Orlov is ruthless when it comes to business and those who have wronged him.
My eyes stray to the woman again and I keep my mask firmly in place to stop myself from grimacing. The woman has no sex appeal or rhythm. Why the fuck would we put her in one of the cages of Sala for entertainment?
When I was speaking to Lorenzo, my right-hand man, who is overseeing the things I should be doing, he gave me shit about the auditions. He wiggled his eyebrows at me, “Maybe Constantino thought you’d find some girl to fuck. It’s been a while since anyone has warmed your bed.”
As my best friend for as long as I can remember and a man I consider a brother as much as my own blood, he’s one of the few people in the world who can get away with speaking to me in such away. “I don’t need some whore between my sheets, Zo,” I snarled.
He held his hands up. “Just because she’s dancing doesn’t mean she’s a whore. Sala’s not that kind of club.”
I ran my fingers through my hair, trying to ignore the annoyance I was feeling. It wasn’t Lorenzo’s fault, and he wasn’t exactly wrong about me needing a woman. I’ve watched my brothers, Constantino and Luca, along with Lorenzo fall at the feet of their women recently.
The fact that Lorenzo has claimed the baby of the Agosti family, Daisy, is something I’m still struggling to accept. She’s happy though and that’s all that matters to me. It’s what has always mattered to me. Lorenzo will keep her safe as well.
I didn’t respond to him about the women who would audition at Sala. I just started striding out the door, wishing I could stay and have a glass of Hammond Whiskey. “Call me if there are any issues,” I threw over my shoulder, knowing full well Lorenzo would without me reminding him.
He’s solid. He learned at the knee of his father, just like I did, for our roles in this family. Hell, I’d still be learning next to my father if he hadn’t passed and left the family in my hands.

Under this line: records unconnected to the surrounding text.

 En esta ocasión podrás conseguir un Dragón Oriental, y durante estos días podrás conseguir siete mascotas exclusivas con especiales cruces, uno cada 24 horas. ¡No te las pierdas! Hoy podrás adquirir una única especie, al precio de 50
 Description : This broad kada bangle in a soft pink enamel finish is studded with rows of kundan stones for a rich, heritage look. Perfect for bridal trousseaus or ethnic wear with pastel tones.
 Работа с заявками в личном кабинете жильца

It was always my destiny, but it was still a shock when it happened. Even after experiencing Mother’s death, nothing could have prepared me for Father to not be around anymore.
I sit back on the couch and spread my legs wider, trying to stop myself from jumping up and storming out. My mind is spinning with the other things I have to do and none of them involve sitting here and watching women gyrate so they can be hoisted up in cages to entertain the masses. I’m only here because of Constantino.

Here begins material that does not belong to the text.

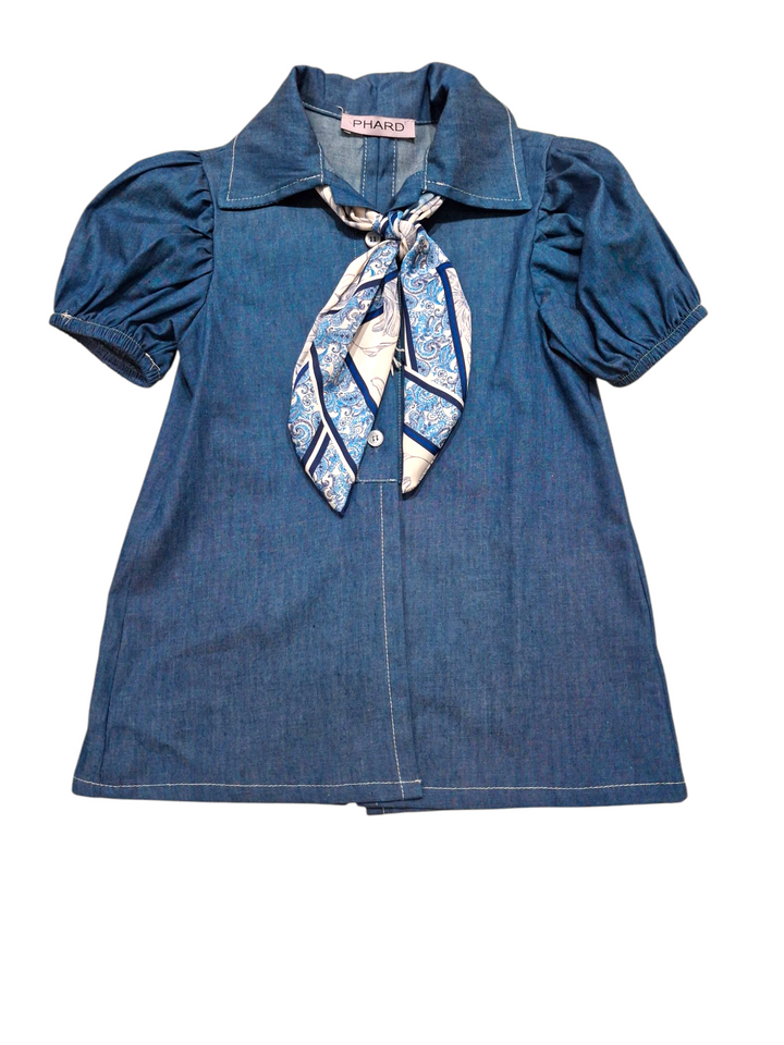 Questo completo per femminuccia è l'outfit perfetto per l'estate! La camicia color denim ha una mezza manica a palloncino, mentre il foulard removibile aggiunge un tocco di stile. I pantaloncini, con il loro finto bottone, sono sia comodi che alla moda. Preparati a farla sentire una principessa con questo completo!
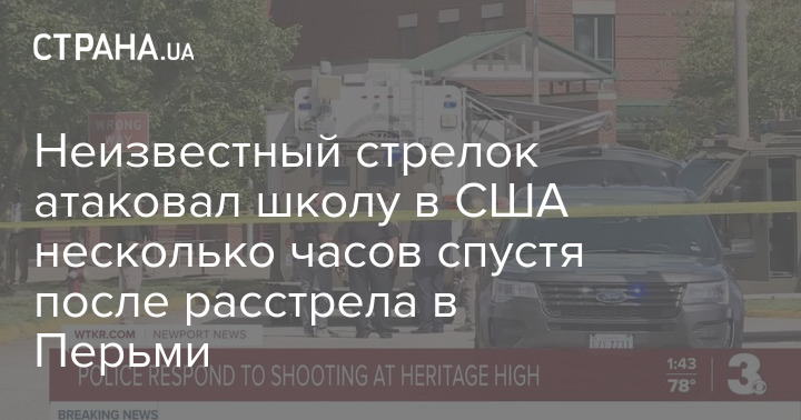 В один день с расстрелом студентов Государственного университета Перми произошла стрельба в школе американского Ньюпорт-Ньюса (штат Вирджиния). Там неизвестный ранил двух человек.

He would do anything for me, and I know it. It’s the reason why I agreed to it when he came and said he wanted to take Lily on a trip. Orlov was kind enough to let them use his cabin upstate, which is just another reason to stay on the man’s good side.
I should have asked more questions about what was on Constantino’s agenda this week when overseeing Sala got added to my schedule because this is pure torture.

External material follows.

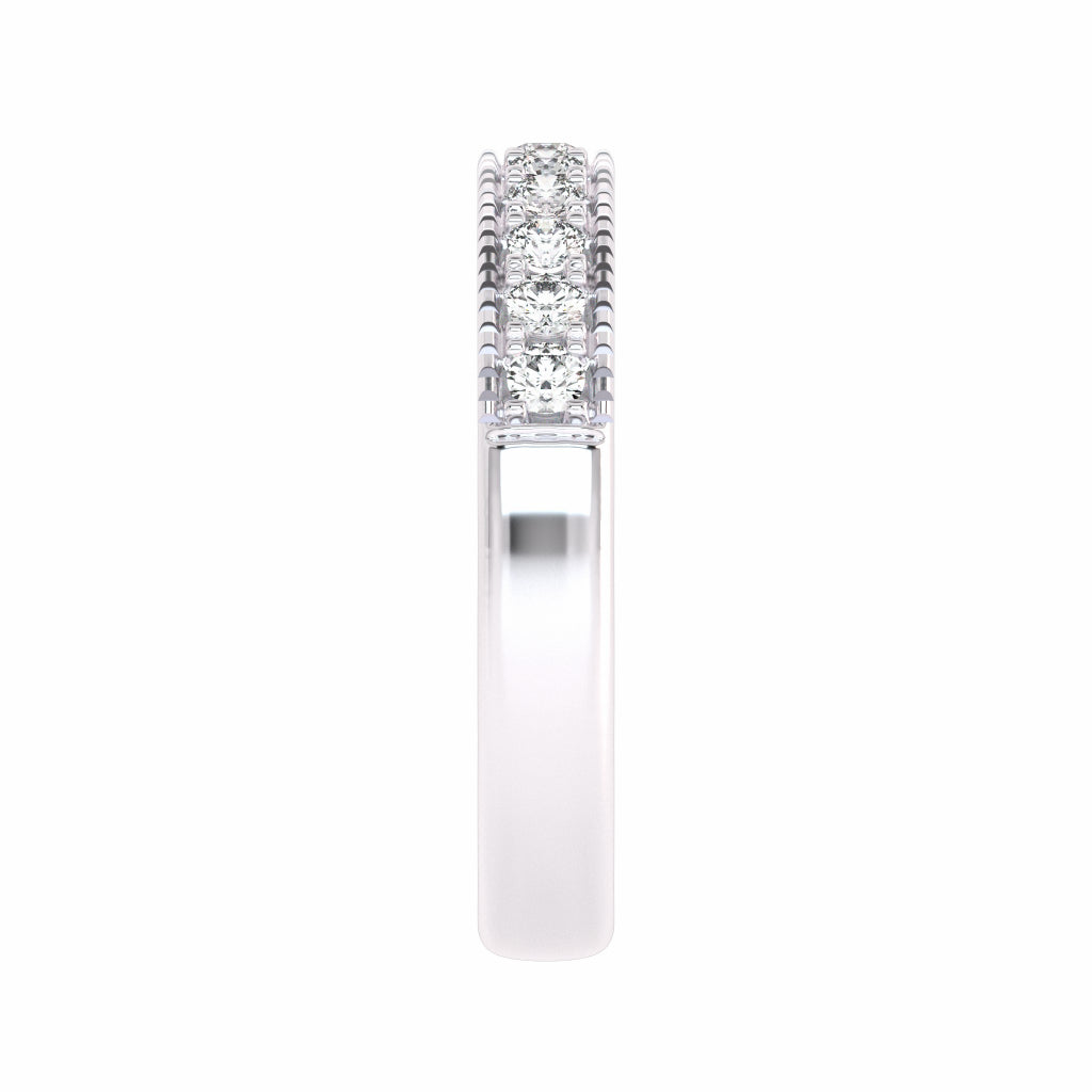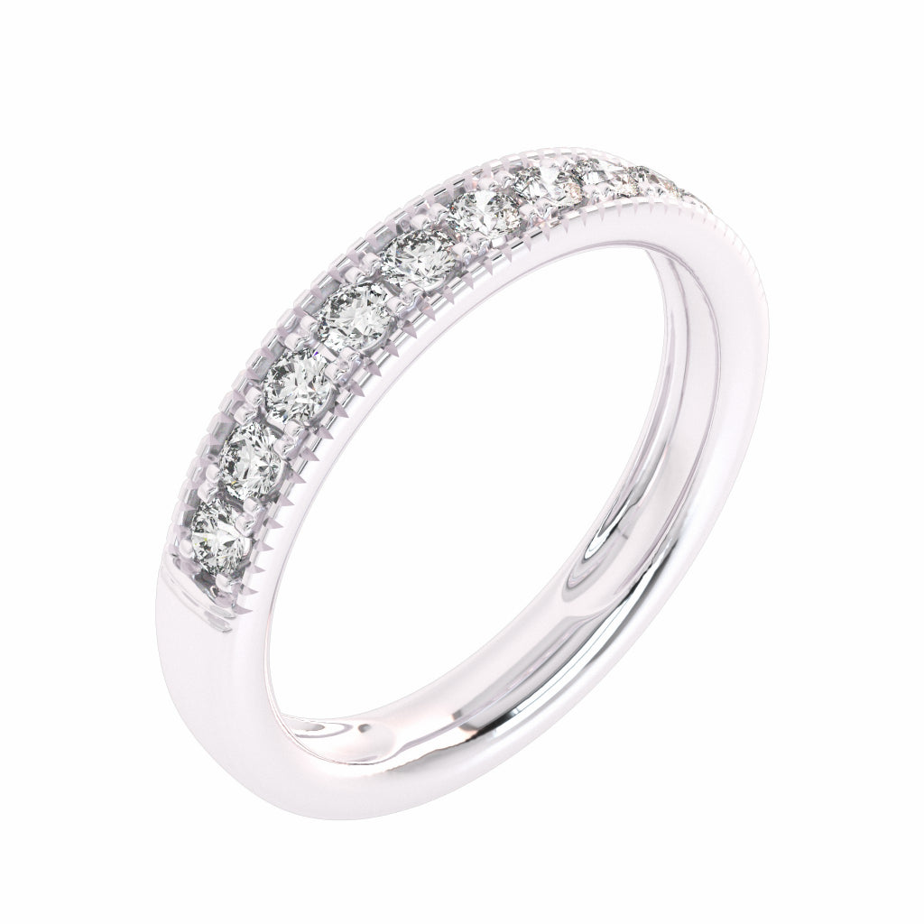 This magnificent 1/2 Carat Single Row Half Eternity Band is a true testament to timeless beauty. The DEF/SI quality lab-created diamonds are expertly set in a Micro pave setting, The diamonds are surrounded by a millgrain wall, adding a touch of elegance and vintage charm to the design. This beautiful ring makes a perfect gift for a loved one or a special treat for yourself

“Stop,” my voice rings with authority and the woman’s jerky movements cease. What doesn’t stop is the pounding in my head because watching her move was pure fucking torture. “Get off my stage,” I snarl the words, not giving a shit that she looks broken and defeated.
She came here for a job, but she’s awful. No grace. No rhythm. No magnetism.
I almost gag at the thought of being in bed with a woman like that. How could anyone stand it?
She doesn’t get the hint and starts to strut toward me, her tits practically falling out of the top she has on. If I were to look closely enough, I’m sure I could see the lips of her pussy peeking out from underneath what she must think is a skirt. She looks like a fucking whore.
This woman has no idea how lucky she is that, while my father raised a ruthless man, my mother instilled some basic manners in me. I sneer as she gets closer and her perfume wafts over me. It’s so fucking strong and cloying.
“Come on, Baby,” she pouts. “Want me to give you a more,” she looks me up and down as if I’m the meal she’s been starved of her entire life, “private dance?”
“No,” my voice is cold and unyielding.
She steps even closer and has the fucking audacity to put her hand on my shoulder and run it down my chest. Does she have no sense of self-preservation?